Species of gastropod

Corinnaeturris rhysa is a species of sea snail, a marine gastropod mollusk in the family Mangeliidae.

==Description==
The length of the shell varies between 6 mm and 12.5 mm.

(Original description) The pale buff shell is high, narrow and has a conical, shape. It has a small apex, a contracted, conical base, and a longish narrow aperture. It is carinated, ribbed, with spiral threads

Sculpture : the whole surface is frosted over with microscopic tubercles. Longitudinals—there are on the body whorl 16 narrow, raised, dextrally convex, and rather oblique ribs; originating at the
angle of the whorls, where they are a little tubercled and swollen. They are parted by furrows of about the same breadth as themselves. They die out across the base, and do not appear on the aperture. There are about 13 ribs on the penultimate whorl, and they diminish rapidly up the spire. The lines of growth are exceedingly faint and few, but sharp. They are most visible in the sinus-area and on the aperture.
.
Spirals: the suture is marginated above by a minute thread, which lies at the bottom of the superior whorl. The sinus-area is bare. Slightly above the middle of the whorls is the strong angulation, to which the prominence of the ribs originating at this point gives great additional sharpness and distinctness. From this to the point of the shell the surface is scored by rounded and prominent threads. Of these there are three, pretty equal, on the earlier whorls, the third forming the supra-sutural margination. A fourth appears on the penultimate whorl, and 19 or 20 on the body whorl, with one or two fainter ones between. The first two are feebler and closer set than the rest. On the body they are rather distant, on the front of the shell rather stronger and close set.

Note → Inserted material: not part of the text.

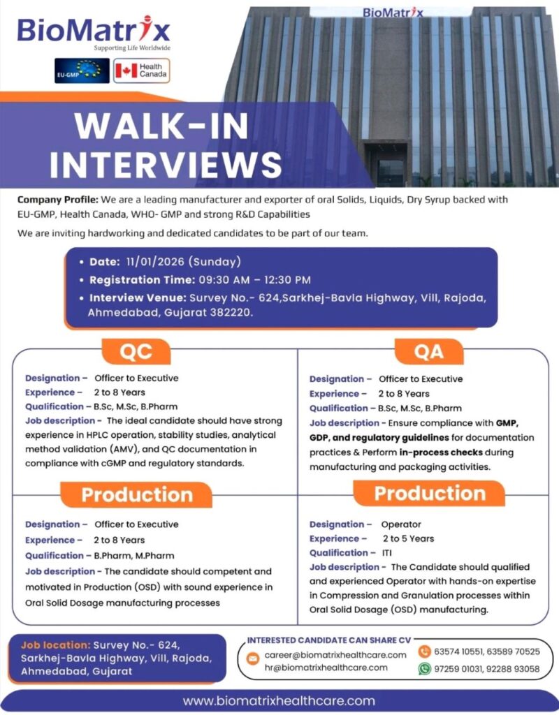 HomePharma JobsWalk-In Interview at BioMatrix Ahmedabad | QC, QA, Production Jobs | 11 Jan 2026 Walk-In Interview at BioMatrix Ahmedabad | QC, QA, Production Jobs | 11 Jan 2026 chandrakanth January 9, 2026 Post Views: 27 Related posts: Unilever Jobs for Freshers | Associate Global Market Vigilance (Pharmacovigilance) Sun Pharmaceutical Industries Hiring 2026 | Executive – Analytical Development R&D Jobs – Baroda “Intas Pharmaceuticals Walk In Drive 2025 | Jobs in Multiple Departments” Merck Business Executive Job for Fresh Graduates | Pharma Careers India Share Pinterest Tweet Email Linkedin Whatsapp Telegram Prev Article Next Article Leave a Reply Cancel Reply Save my name, email, and website in this browser for the next time I comment.

The colour of the shell is a pale buff, but not improbably white when fresh.

The spire s conical, subscalar in consequence of the prominence of the keel. The apex is small, roundedly sharp, consisting of 3¼ carinated, but otherwise perfectly smooth, whorls, which form a short
compact little cone, of which the extreme tip is a little obliquely flattened down on one side. The shell contains 10 whorls in all. There is a drooping and very slightly concave shoulder below the suture. The greatest breadth is at the keel, below which the whorls begin faintly, and with a very slightly convex profile, to contract into the inferior suture. The last contracts rather rapidly into a short conical base, running out into a narrow, straight, somewhat one-sided, and not very long snout. The suture is invisible but for the marginating threads above and below it. The aperture is club-shaped, being pointedly ovate above, and running out below into a well-marked siphonal canal. The outer lip is concave below the suture and angulated at the keel. It is convex in its sweep to the edge of the siphonal canal, from which it runs directly and obliquely to the rounded and open point of the columella. In leaving the body it retreats at once to the right to form the rounded sinus, which has an excessively short upper side, but becomes large (though hardly deep) from the great forward winglike sweep of its lower margin, whose course is quite independent of the ribs. Toward the edge of the siphonal canal this curve again retreats to the point of the shell. The inner lip is a thin narrow glaze margined with a minute furrow. It is oblique, but scarcely convex across the body, direct on the short columella, and cut off with a long slope to the point of the siphonal canal, its edge being narrow, rounded, and scarcely at all twisted.

==Distribution==
This species occurs in the Atlantic Ocean off Northeast Brazil.